Skip the pictures. Give all the data again exactly.

BEGIN INFORMATION PROVIDED

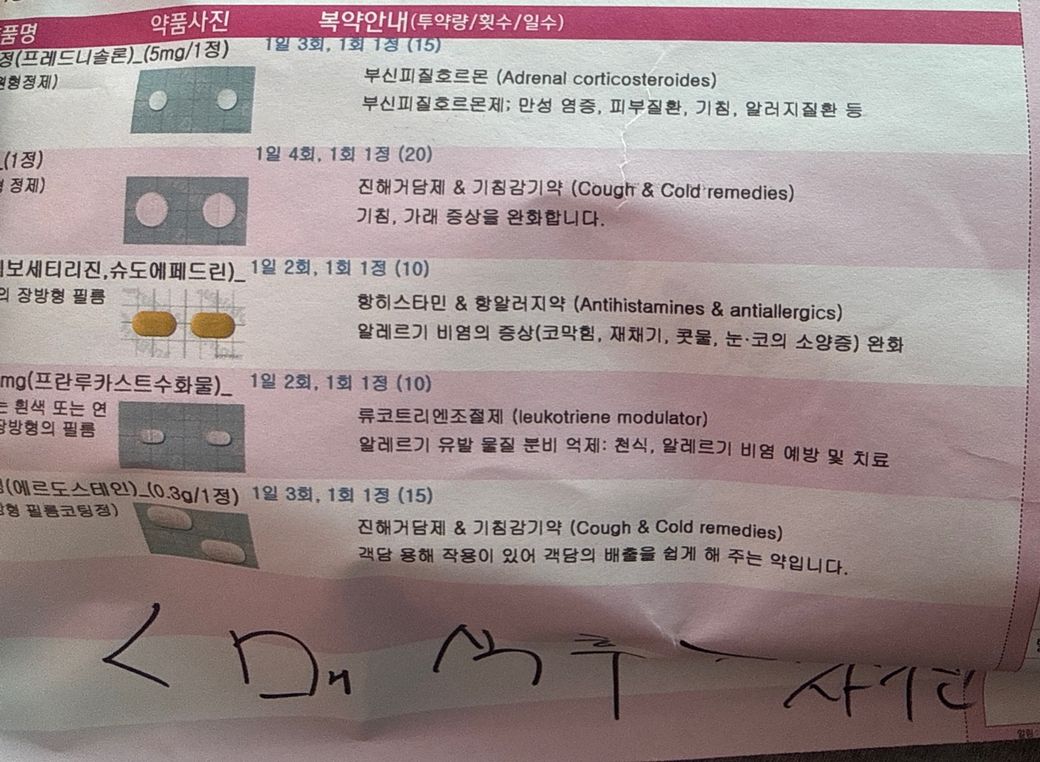 이후 또 낫질않아 10일에 타병원가서 처방 받았습니다만 비슷한 증상으로 비슷한 약을 지어주셨어요 ㅠ 두군데 다 주사 맞았고요
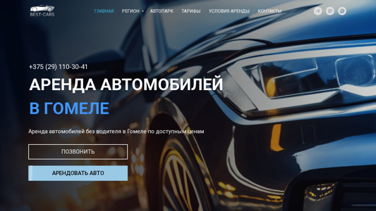 | SEO-описание | Прокат автомобилей в Гомеле на сутки, цена от 70 руб. Арендовать машину в Гомеле недорого. Компания BestCars |
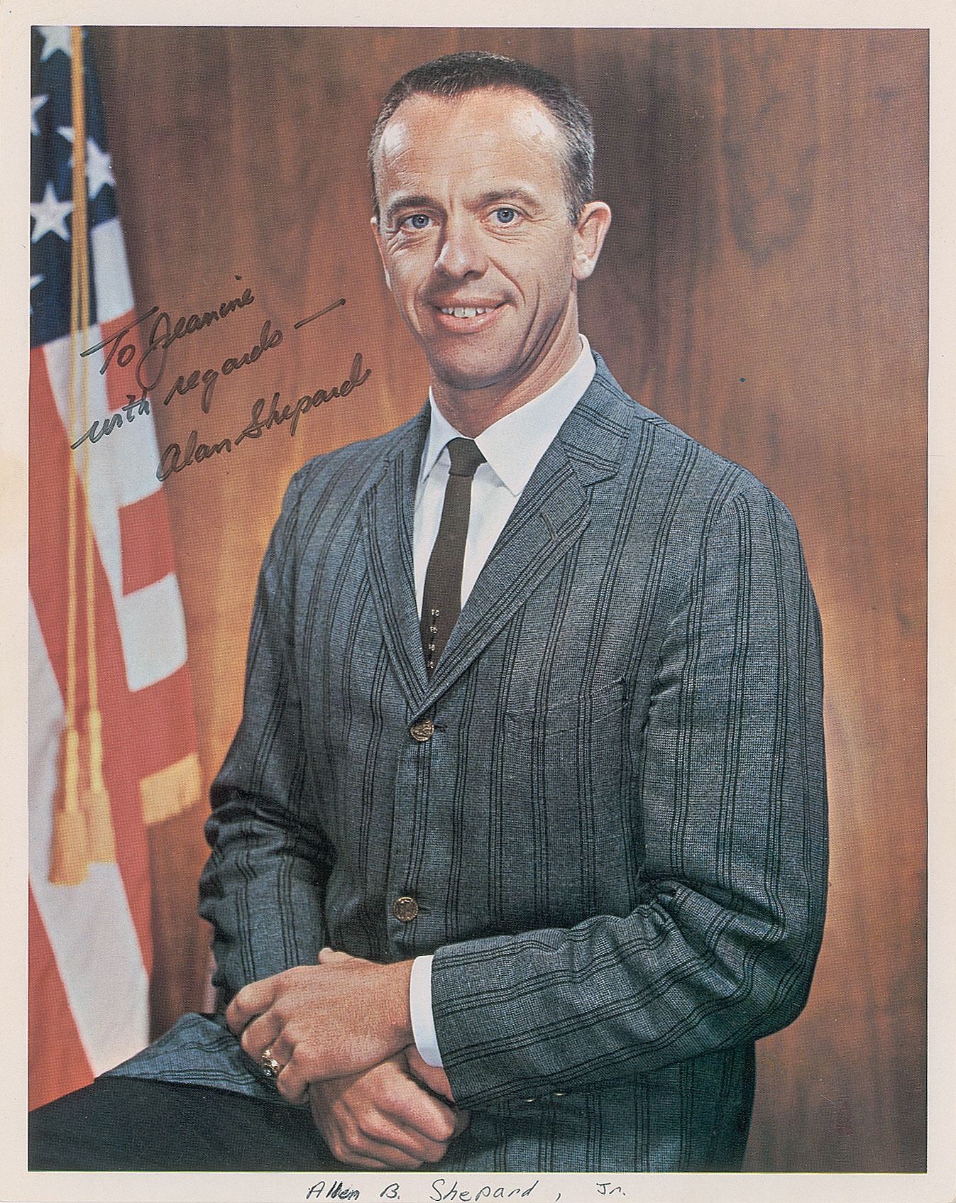 Uncommon official color 8 x 10 NASA lithograph of Shepard in a half-length seated pose, signed and inscribed in black felt tip, "To Jeanine, with regards—Alan Shepard.” In fine condition, with collector's notation to lower border. Recipient was an employee at the Los Angeles International Airport who assisted astronauts with picking up their GSA vehicles circa 1967.

END INFORMATION PROVIDED

TASK RESULT:
 이후 또 낫질않아 10일에 타병원가서 처방 받았습니다만 비슷한 증상으로 비슷한 약을 지어주셨어요 ㅠ 두군데 다 주사 맞았고요
 | SEO-описание | Прокат автомобилей в Гомеле на сутки, цена от 70 руб. Арендовать машину в Гомеле недорого. Компания BestCars |
 Uncommon official color 8 x 10 NASA lithograph of Shepard in a half-length seated pose, signed and inscribed in black felt tip, "To Jeanine, with regards—Alan Shepard.” In fine condition, with collector's notation to lower border. Recipient was an employee at the Los Angeles International Airport who assisted astronauts with picking up their GSA vehicles circa 1967.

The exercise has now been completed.